Negotiating Exclusion In Early Modern England 1550 1800
DOWNLOAD

Author : Naomi Pullin
language : en
Publisher: Routledge
Release Date : 2021-03-08

Negotiating Exclusion In Early Modern England 1550 1800 written by Naomi Pullin and has been published by Routledge this book supported file pdf, txt, epub, kindle and other format this book has been release on 2021-03-08 with History categories.

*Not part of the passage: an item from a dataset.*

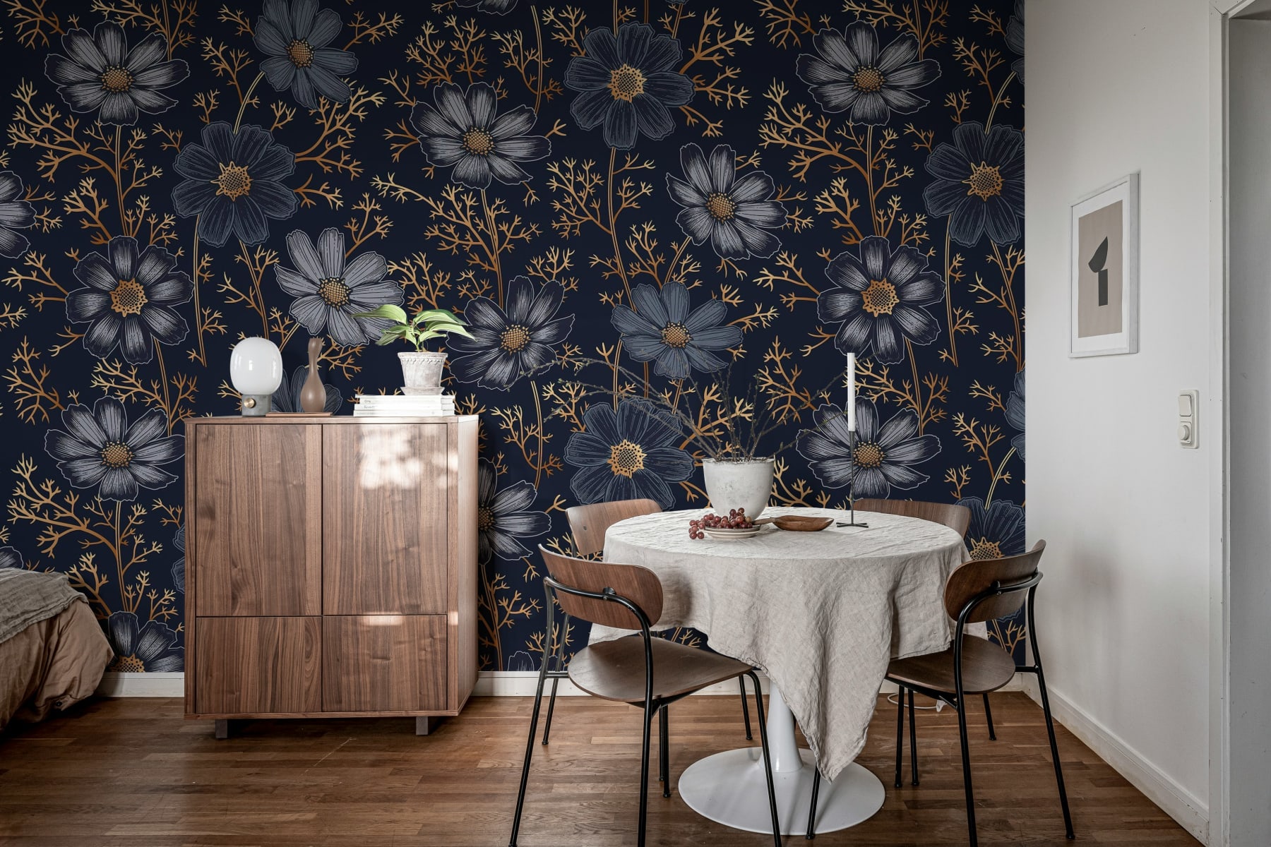 Scufundă-te în opulența „Grand Flowers, Gold”, unde fiecare perete devine o declarație de lux. Acest tapet aduce la viață un model floral excepțional cu flori albastre vibrante, conturate minuțios cu detalii strălucitoare aurii, toate așezate pe un fundal sofisticat în albastru închis. Perfect pentru a crea o atmosferă de eleganță și măreție în spațiul tău de locuit, acest design te invită într-o lume unde flora întâlnește splendoarea. Transformă-ți camera într-un refugiu de frumusețe maiestuoasă cu acest tapet captivant.
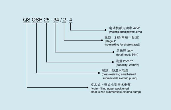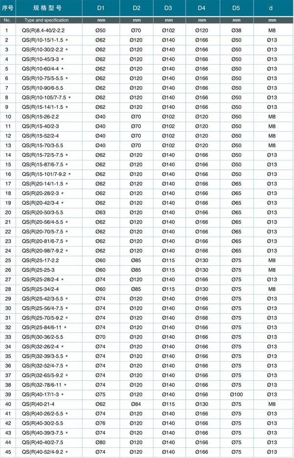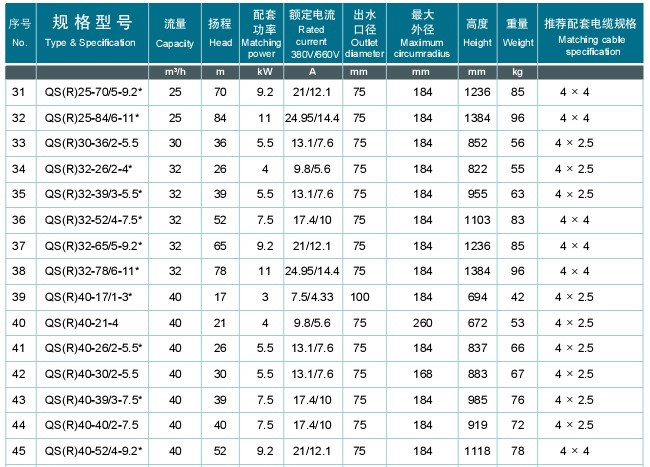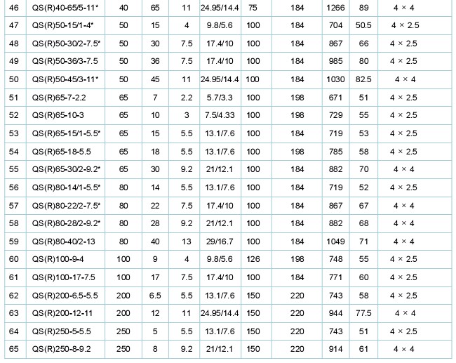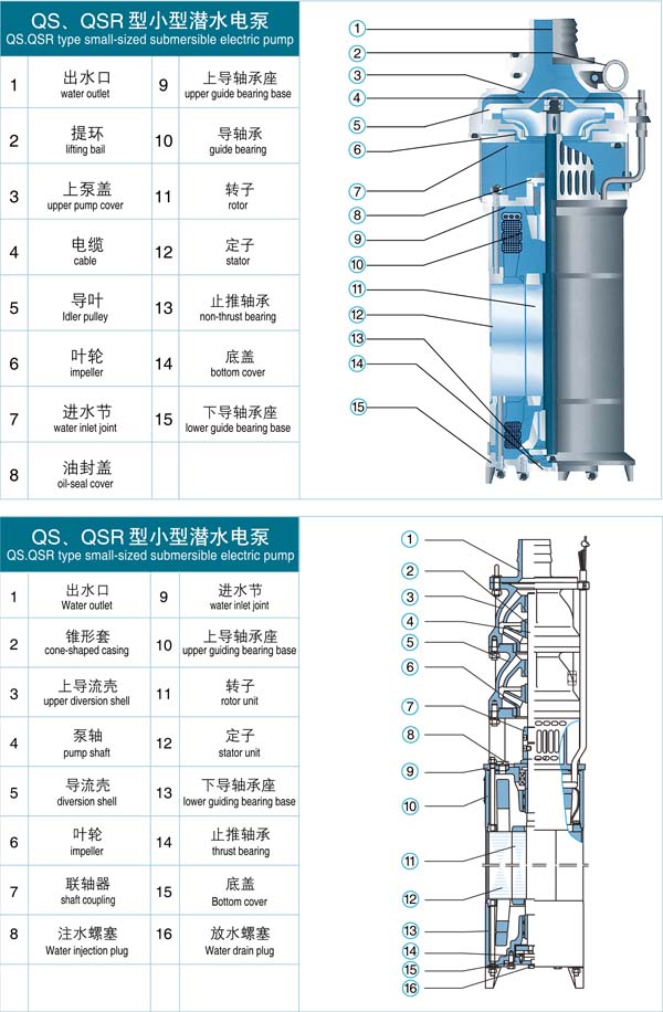 QS型潛水電泵、潛水電機(jī)兩大部分組成。電機(jī)內(nèi)腔采用充水式定子繞組采用聚乙烯絕緣尼龍?zhí)啄退姶啪€,保證電機(jī)在水介質(zhì)中正常工作,定轉(zhuǎn)子表面涂特殊的耐水涂料,轉(zhuǎn)子軸伸端有甩砂器,有效的阻止泥沙與水浸入電機(jī)腔內(nèi),軸承室填充耐水潤(rùn)滑脂,并用骨架油封保護(hù),有效地防止液體進(jìn)入軸承室損壞軸承,電機(jī)腔內(nèi)充入清潔的水,起到電機(jī)冷卻作用。

This edited volume examines how individuals and communities defined and negotiated the boundaries between inclusion and exclusion in England between 1550 and 1800. It aims to uncover how men, women, and children from a wide range of social and religious backgrounds experienced and enacted exclusion in their everyday lives. Negotiating Exclusion takes a fresh and challenging look at early modern England’s distinctive cultures of exclusion under three broad themes: exclusion and social relations; the boundaries of community; and exclusions in ritual, law, and bureaucracy. The volume shows that exclusion was a central feature of everyday life and social relationships in this period. Its chapters also offer new insights into how the history of exclusion can be usefully investigated through different sources and innovative methodologies, and in relation to the experiences of people not traditionally defined as "marginal." The book includes a comprehensive overview of the historiography of exclusion and chapters from leading scholars. This makes it an ideal introduction to exclusion for students and researchers of early modern English and European history. Due to its strong theoretical underpinnings, it will also appeal to modern historians and sociologists interested in themes of identity, inclusion, exclusion, and community.